Como sobre tantas cosas en este país, sobre la historia colonial reciente pesa un manto de silencio, mentiras y tergiversaciones. Mantenemos una versión edulcorada que ensalza la convivencia, un mito de colonización amable que no nos permite ver todo lo que hay que reparar. Bajo la idea de que la colonización española era amable se oculta que Guinea Ecuatorial se arrasó con políticas de segregación racial y luego se dejó en manos de una dictadura. Bajo la idea de que la colonización española era amable se oculta que en el norte de Marruecos sigue habiendo cánceres que se deben a los bombardeos químicos de la guerra del Rif. Bajo la idea de que la colonización española era amable, el Sáhara Occidental nunca se llegó a descolonizar. 

Es fácil pedir perdón de manera simbólica por el expolio y la violencia cometidas en la mal llamada conquista de América. Lo que es más difícil es arremangarse para trabajar en las reparaciones necesarias a quienes sufrieron la colonización española en el siglo XX y aún viven sus consecuencias. Señalar con nombres y apellidos a quienes se beneficiaron de ello, que son –poca sorpresa– los mismos que se beneficiaron de todo en aquellos años en este país. Entender que el imperialismo fue una herramienta discursiva y política fundamental para el golpe de Estado y para la dictadura; y que olvidarlo fue uno de los precios a pagar por la tranquilidad aparente de nuestra transición a la democracia.

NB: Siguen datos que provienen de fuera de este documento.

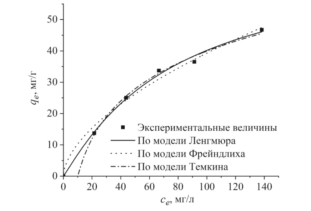 Три основные модели – Ленгмюра [43], Фрейндлиха [44] и Темкина [45] – были использованы для описания изотерм адсорбции тартразина на образце PET-UiO-66. Нелинейную форму изотермы Ленгмюра можно описать следующим образом:
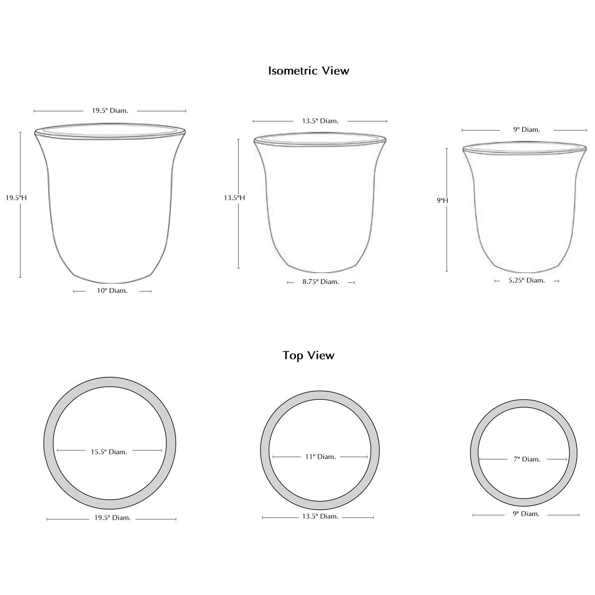 | Size | Set of 3 19.5"DIA x 19.5″H | 54 lbs 13.5"DIA x 13.5″H | 25 lbs 9"DIA x 9″H | 10 lbs |

En estos días se cumplen 50 años de una masacre perpetrada por el franquismo contra una manifestación ciudadana, 50 años de la desaparición de un líder político que se oponía al régimen, 50 años de olvido. 

No porque se llamara Mohamed y viviera en El Aaiún esta historia es menos nuestra historia que cualquier otra de las que reivindicamos. Aunque el Tribunal Supremo insista en decirnos lo contrario.